• [Aim of the exercise]:
A faithful copy is required: transcribe each line below exactly, minus the pictures.

• [Input data]:

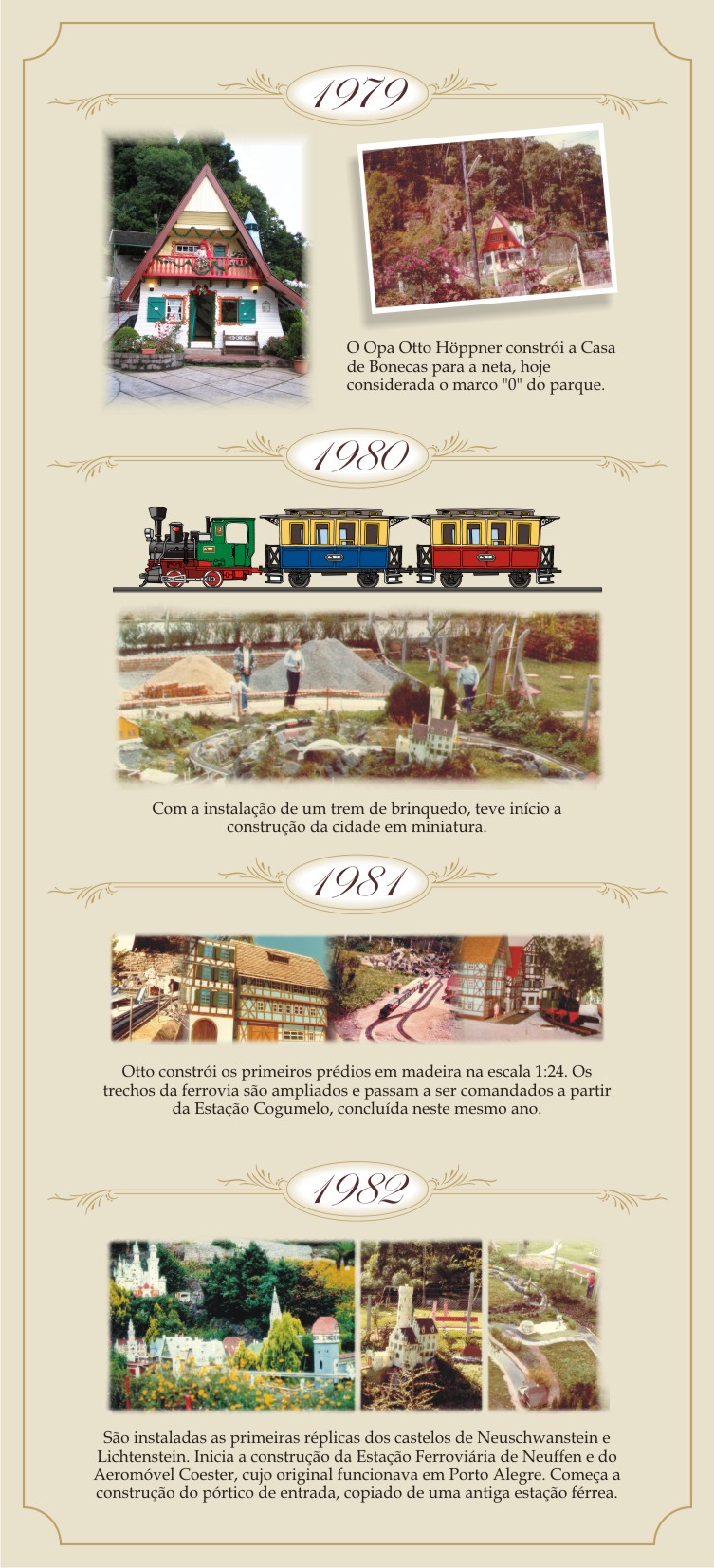 No ano de 1982, foram instaladas as primeiras réplicas dos castelos de Neuschwanstein e Lichtenstein, iniciada a construção da Estação Ferroviária de Neuffen e do Aeromóvel Coester, cujo original funcionava em Porto Alegre. Também começa a construção do pórtico de entrada, copiado de uma antiga estação férrea. Essas obras deram a forma de parque para o espaço e o prepararam para a inauguração. Só em 15 de dezembro de 1983 acontece a abertura oficial. A data é significativa por representar o momento formal em que os Höppner assumem o seu compromisso, de gerações (hoje a terceira), de promover o lazer, o entretenimento e a cultura a partir de obras artísticas da humanidade, reproduzidas em escala 1:24.
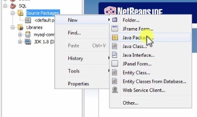 Se crea un paquete en Source package ... hacer un clic botón derecho y seleccionar New -> Java Package ...
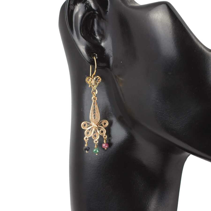 Altın küpe 22 ayar altından üretilmiştir. Çiçek şeklindeki telkari küpe 1.8 cm eninde ve 5.5 cm boyutlarındadır. Telkari küpe zümrüt, yakut ve safir taşlıdır. Altın küpe 8,66 gramdır.
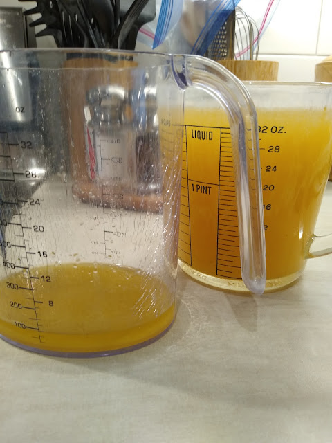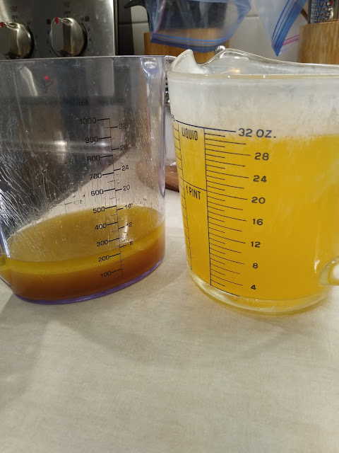 Already you can see how the juicy broth settles to the bottom and the fat sits on top. The gravy separator will allow you to pour off the broth and keep the fat from pouring out.

• [Solution to this exercise]:
 No ano de 1982, foram instaladas as primeiras réplicas dos castelos de Neuschwanstein e Lichtenstein, iniciada a construção da Estação Ferroviária de Neuffen e do Aeromóvel Coester, cujo original funcionava em Porto Alegre. Também começa a construção do pórtico de entrada, copiado de uma antiga estação férrea. Essas obras deram a forma de parque para o espaço e o prepararam para a inauguração. Só em 15 de dezembro de 1983 acontece a abertura oficial. A data é significativa por representar o momento formal em que os Höppner assumem o seu compromisso, de gerações (hoje a terceira), de promover o lazer, o entretenimento e a cultura a partir de obras artísticas da humanidade, reproduzidas em escala 1:24.
 Se crea un paquete en Source package ... hacer un clic botón derecho y seleccionar New -> Java Package ...
 Altın küpe 22 ayar altından üretilmiştir. Çiçek şeklindeki telkari küpe 1.8 cm eninde ve 5.5 cm boyutlarındadır. Telkari küpe zümrüt, yakut ve safir taşlıdır. Altın küpe 8,66 gramdır.
 Already you can see how the juicy broth settles to the bottom and the fat sits on top. The gravy separator will allow you to pour off the broth and keep the fat from pouring out.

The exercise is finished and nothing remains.